I would need to be able to pull some field from all records for all times - as
a time series.
I might need to be able to pull all the fields within some field range for all
times.
I'm thinking of something similar to what you have done (I think) - that is,
to self-index the file. The index would be in it's own dataset with an array
of time records and perhaps a few other fields and relative links (I forget
what HDF5 calls them) to the actual data records.
-Val
On Feb 11, 2011, at 10:56 AM, Mitchell, Scott - IS wrote:
I'm doing something similar to what you are looking at. I have data coming
in from multiple instruments which go through processing and result in one or
several C# structures/arrays. In my example each instrument type has a
structure containing Packet Tables with associated time axes/scales. The
packet table structure mimics the instrument data structures.

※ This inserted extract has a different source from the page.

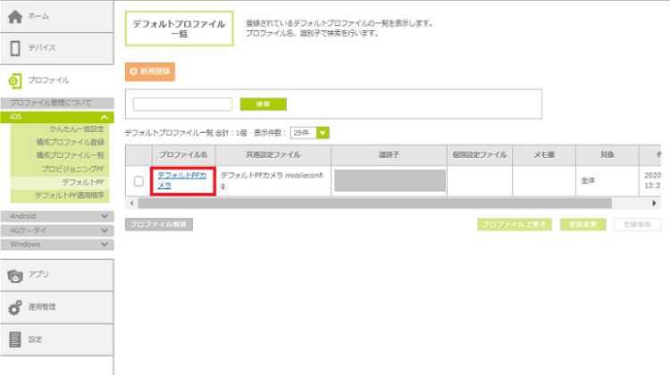 1.「プロファイル管理」をクリックし、「iOS」の「デフォルトPF」をクリックします。

Metadata is held in Attributes and other Packet Tables. I've created a
standard across the program, with specifics defined for each instrument.
I end up storing each individual instrument's data in its own file. In most
cases, a single thread processes and stores data, so I don't have to worry
about synchronization (as much).
I believe you'll want to store each data type in its own dataset or file.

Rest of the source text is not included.